None of the KernelTasks are thread safe. If multiple threads share the same KernelTask and issue its execution (possibly with different arguments on different devices of the same accelerator type), they interfere and override their values.
-> Each operator() of a KernelTask has to be secured by a lock.
If the host code is multithreaded and issues two kernels to the same CUDA device in parallel, the argument setup functions and kernel launch functions can overlap.
-> A process global mutex lock is required.
OpenMP usage nested in other threading primitives (std::thread, pthreads) is undefined behaviour:
http://stackoverflow.com/questions/13197510/why-do-c11-threads-become-unjoinable-when-using-nested-openmp-pragmas
http://stackoverflow.com/questions/13837696/can-i-safely-use-openmp-with-c11
-> Therefore a process global mutex for the execution of OpenMP kernels is required

add special kernel methods

clock_t clock();
long long int clock64();
T __ldg(const T* address);
The read-only data cache load function is only supported by devices of compute capability 3.5 and higher.
__shfl_sync, __shfl_up_sync, __shfl_down_sync, __shfl_xor_sync
Exchange a variable between threads within a warp.

add DeviceView concept

A view of a device could select a subset of CPU cores (and memory?) that are used for execution.
The current Device concept always models the DeviceView concept by always using all the cores.
With this it would be possible to partition a 8 core CPU into e.g. 6 cores for one DeviceView and 2 cores for another DeviceView. Kernels executed in the corresponding streams then will only use the number of cores they are allowed to. This would allow to prevent independent streams from mutually influencing each other. Furthermore this would allow to guarantee selected compute resources for time critical tasks.

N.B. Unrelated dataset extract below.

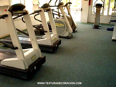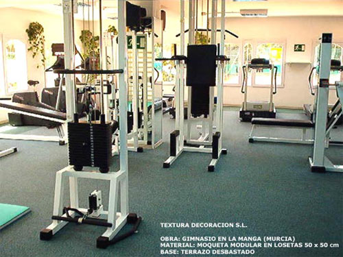 Instalaciones  higiénicas:      Las instalación de moqueta es optima para multitud de entornos, aquí tenemos un claro ejemplo en un Gimnasio donde los usuarios transcurrido algún tiempo siguen disfrutando la calidez y comodidad de la moqueta bajo sus pies mientras que se ponen en forma, un pavimento de moqueta funcionando y aportando confort y elegancia a estas instalaciones.

Make the integral type a template parameter of the accelerator

To remove the Uint typedef the integral type used in computations should be a template parameter for the Accelerator, the Executor, etc...

abstract the memory access inside kernels

There should not be direct access to memory buffers.
This always implies knowledge about the memory layout (row or col) which is not necessarily correct on the underlying accelerator.

use hwloc to query the topology of the host

restrict kernels to fulfill std::is_trivially_copyable for all accelerators

Currently only the CUDA-Accelerator requires the user kernel to fulfill std::is_trivially_copyable.
Should all accelerators require this to prevent surprises when changing the accelerator?

add syncBlockThreadsPredicate template

to support predicates:

int __syncthreads_count(int predicate)
evaluates predicate for all threads of the block and returns the number of threads for which predicate evaluates to non-zero.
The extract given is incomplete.